Note: The unwanted side effects in the Less Common category above might also occur or get worse after you stop taking chloroquine.

Some unwanted effects may occur that usually don't need medical assistance. These unwanted side effects might go away during treatment as the body adjusts on the medicine. Also, your health care professional could possibly be able to tell you about ways to stop or reduce some of these unwanted effects. Check with your overall health care professional if the following unwanted effects continue or are bothersome or if you might have any questions about them:


More common


Diarrhea
difficulty in seeing to read
headache
itching (more prevalent in black patients)
lack of appetite
nausea or vomiting
stomach cramps or pain
Less common
Bleaching of hair or increased hair loss
blue-black discoloration of skin, fingernails, or inside of mouth
skin rash

Other unwanted effects not listed might also occur in some patients. If you notice any other effects, talk with your health care professional.

Precautions

If you will end up taking chloroquine for quite a while, it is vital that a medical expert check you at regular visits for almost any blood problems or muscle weakness that might be brought on by chloroquine. In addition, check with your physician immediately if blurred vision, difficulty in reading, or any other difference in vision occurs during or after treatment. Your doctor might prefer you to have your eyes checked by an ophthalmologist (eye doctor).

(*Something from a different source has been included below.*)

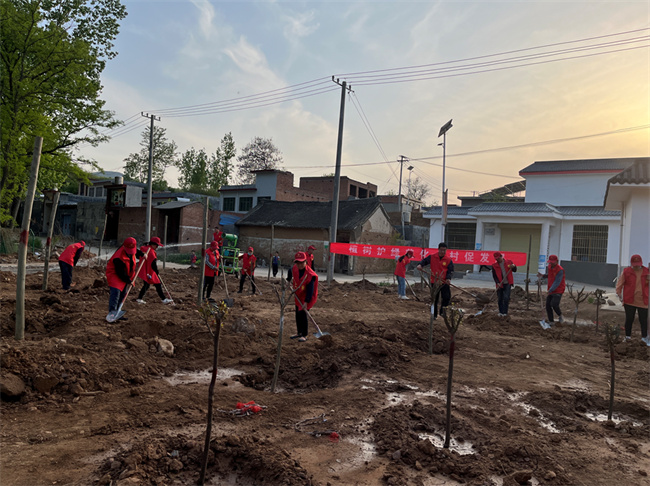 驻村工作队带领群众在文化广场旁植树

If your symptoms usually do not improve inside a day or two or should they become worse, consult your medical professional.

Make sure you probably know how you respond to chloroquine before you decide to drive, use machines, or do just about anything else that might be dangerous should you be not able to see well.

Chloroquine might cause blurred vision, difficulty in reading, or another change in vision. It may also cause some individuals for being lightheaded.

If these reactions are specially bothersome, consult your medical professional.

Certain medicines should not be used at or around the time of consuming food or eating some kinds of food since interactions may occur. Using alcohol or tobacco with certain medicines might also cause interactions to occur. Discuss together with your healthcare professional using your medicine with food, alcohol, or tobacco.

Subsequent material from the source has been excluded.